Records from a data collection
Segment Open
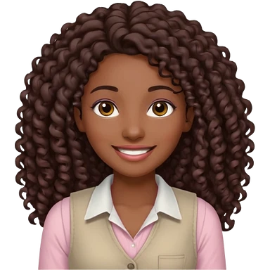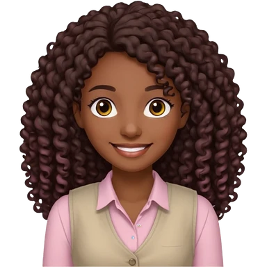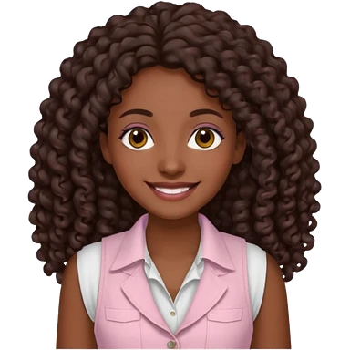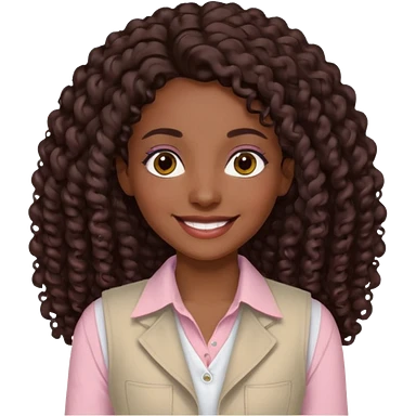 mujer morena, pelo rizado largo, sonriendo, con ojos grandes y marrones con camisa rosa palo y un chaleco blanco emoji
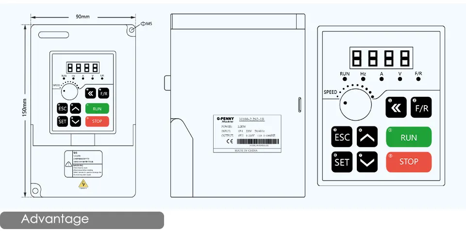 ◆Два режима контроля скорости: без PG векторного управления (SVC), V/F управления◆ Без векторное управление (SVC): пусковой крутящий момент 0,5 Гц до 150%◆ 8-ступенчатая простая функция PLC, мульти-контроль скорости и ПИД-регулятор◆ Поддержка нескольких настроек частоты: Цифровая настройка, аналоговая Настройка, PID Настройка, RS485 Настройка связи◆ Терминалы ввода/вывода могут быть свободно запрограммированы для комбинирования нескольких рабочих режимов в соответствии с потребностями пользователя.◆ С функцией управления частотой скачка, он может эффективно подавить механический резонанс и сделать систему более стабильной и надежной.◆ С мгновенной функцией удержания питания, она может избежать воздействия производства из-за мгновенного отключения питания◆ С большим крутящим моментом и при обнаружении крутящего момента◆ Функция автоматической регулировки напряжения для эффективного решения проблемы низкочастотного колебания двигателя высокой мощности◆ Обеспечивает различные функции защиты от неисправностей: перегрузки по току, перенапряжения, перенапряжения, перегрева, перегрузки, отсутствия одинакового контроля в реальном времени и защиты для обеспечения безопасной эксплуатацииПрименение:Намоточная машина, миксер, экструдер, резки, намотки, компрессор, вентилятор, насос, шлифовальная машина, конвейер, Лифт, центрифуга и другие машины контроля скорости.Не устанавливайте инвертор самостоятельно, если вы не знаете, как это сделать, или это сделает шпиндель и инвертор легко гореть.
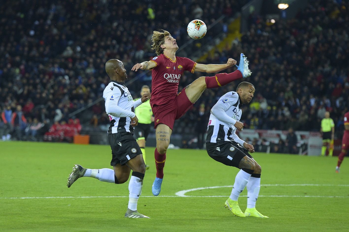 Zaniolo 7 - Terzo gol consecutivo, il primo in trasferta nella sua carriera da giallorosso. Glaciale davanti al portiere, con le sue cavalcate sulla destra ha messo in grossa difficoltà la retroguardia friulana, dialogando bene con Kluivert, Dzeko e Pastore.
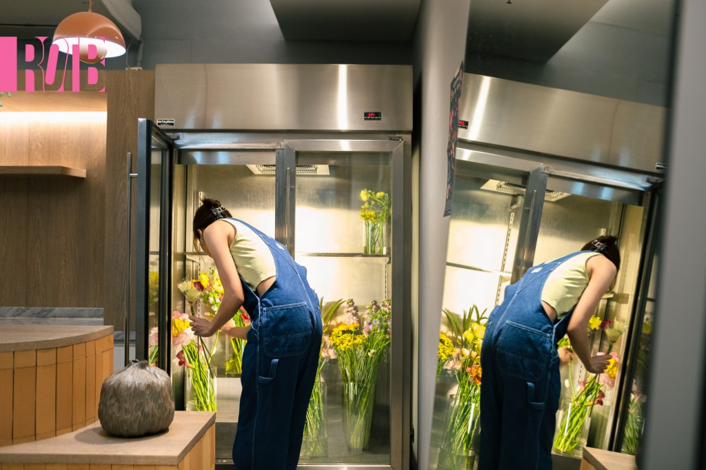 “แต่กว่าที่มันจะสวยขนาดนี้คือตัดก้าน ดึงใบออก เปลี่ยนน้ำทุกวัน รายละเอียดเยอะมาก พื้นที่เห็นเรียบ ๆ ช่วงที่ดอกไม้มาลงคือเขียวเละไปหมด ช่วงแรกที่ทำ (วันที่ดอกไม้ลง) คนเดียวคือตื่นแปดโมงขึ้นห้องตีสามตลอด จนเรารู้สึกว่าเยอะไม่ไหวแล้วเพราะมันหนักเกินคนเดียว” จากนั้นเอยก็หาผู้ช่วยมาแบ่งเบา และพร้อมกันนี้ก็เข้าโซเชียลมีเดียหาชีวิตของนักจัดดอกไม้ในต่างประเทศ ซึ่งมีชะตากรรมที่ไม่ต่างกัน
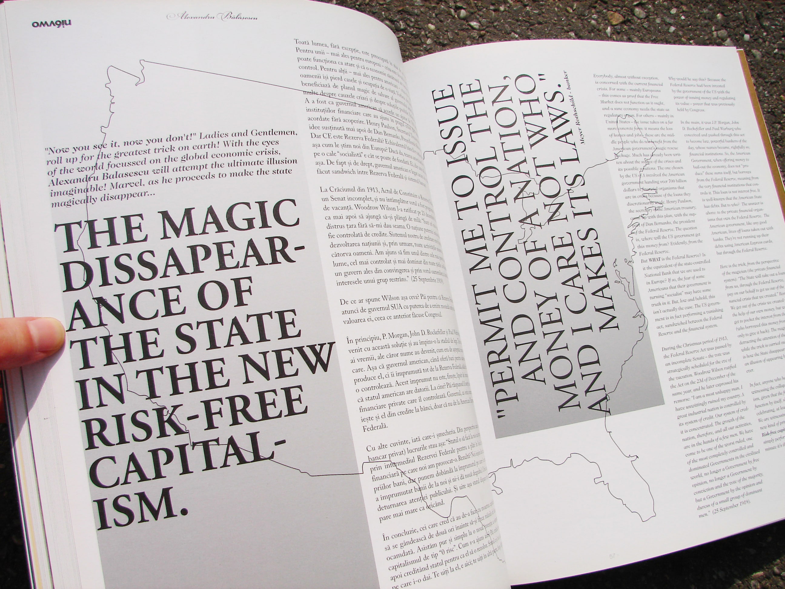 Omagiu was a critically acclaimed remix culture magazine focused on alternative, urban, and underground scenes, highlighting the unique blend of contrasting cultural realities in Romania. Recognized as one of Europe’s top emerging magazines at Colophon Luxembourg (2007, 2009), it was distributed internationally through prestigious bookstores, museums, and cultural institutions. The magazine collaborated with local and international artists and acted as a bridge within the creative community. I led all aspects of production and promotion, from concept and art direction to design, pre-press, team coordination, and media campaigns.
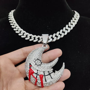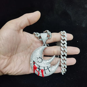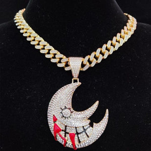 Erhöhen Sie Ihren Stil mit unserer Hip Hop Mond Halskette, einem einzigartigen Schmuckstück, das markantes Design mit mystischer Anziehungskraft vereint. Diese auffällige Halskette verfügt über einen sorgfältig gestalteten Mondanhänger, der mit funkelnden Steinen besetzt ist und ein herausragendes Accessoire für jedes Outfit darstellt. Egal, ob Sie auf der Bühne stehen, eine Party besuchen oder Ihrem Alltagslook einen Hauch von Luxus verleihen möchten – diese Kette zieht garantiert alle Blicke auf sich und unterstreicht Ihren einzigartigen Stil.
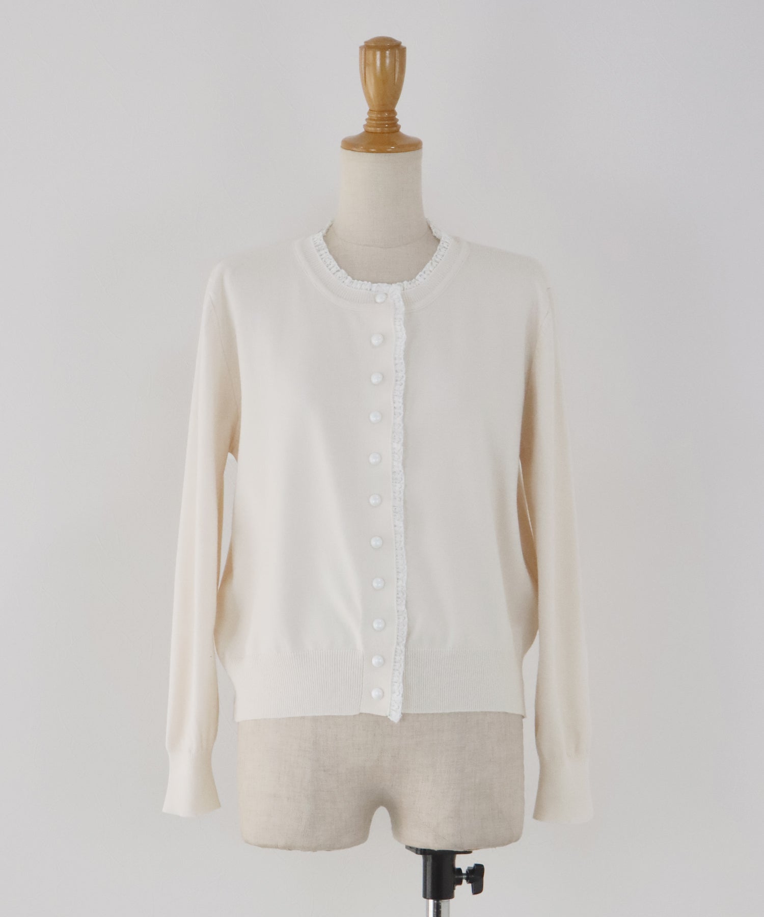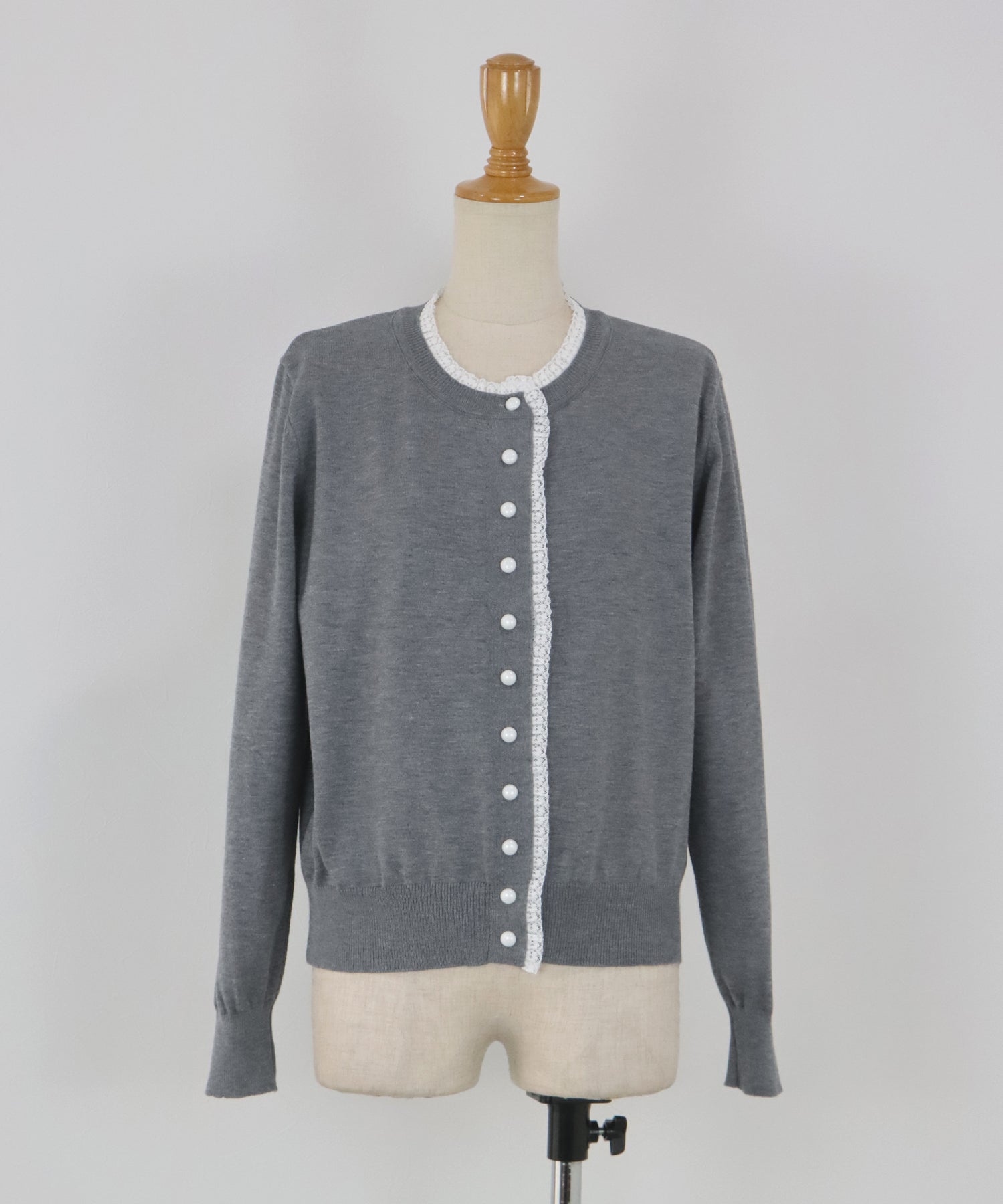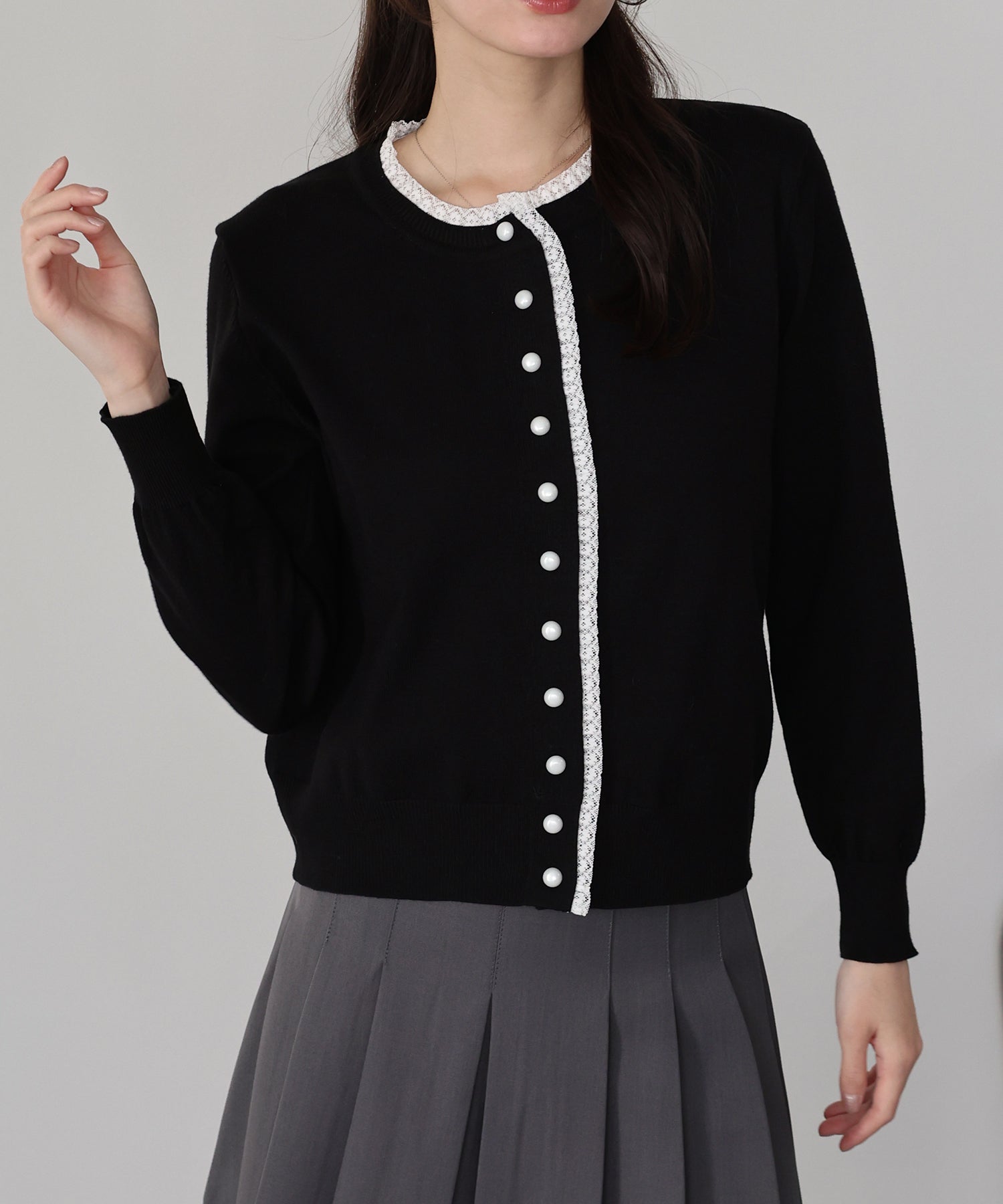 【早割5%OFF】レーストリムパールボタンカーディガン
Segment Closed
Please transcribe exactly the lines from the one containing "Erhöhen Sie Ihren" through the last line of the records above, both included, and leave out every picture.

* Problem solution
 Erhöhen Sie Ihren Stil mit unserer Hip Hop Mond Halskette, einem einzigartigen Schmuckstück, das markantes Design mit mystischer Anziehungskraft vereint. Diese auffällige Halskette verfügt über einen sorgfältig gestalteten Mondanhänger, der mit funkelnden Steinen besetzt ist und ein herausragendes Accessoire für jedes Outfit darstellt. Egal, ob Sie auf der Bühne stehen, eine Party besuchen oder Ihrem Alltagslook einen Hauch von Luxus verleihen möchten – diese Kette zieht garantiert alle Blicke auf sich und unterstreicht Ihren einzigartigen Stil.
 【早割5%OFF】レーストリムパールボタンカーディガン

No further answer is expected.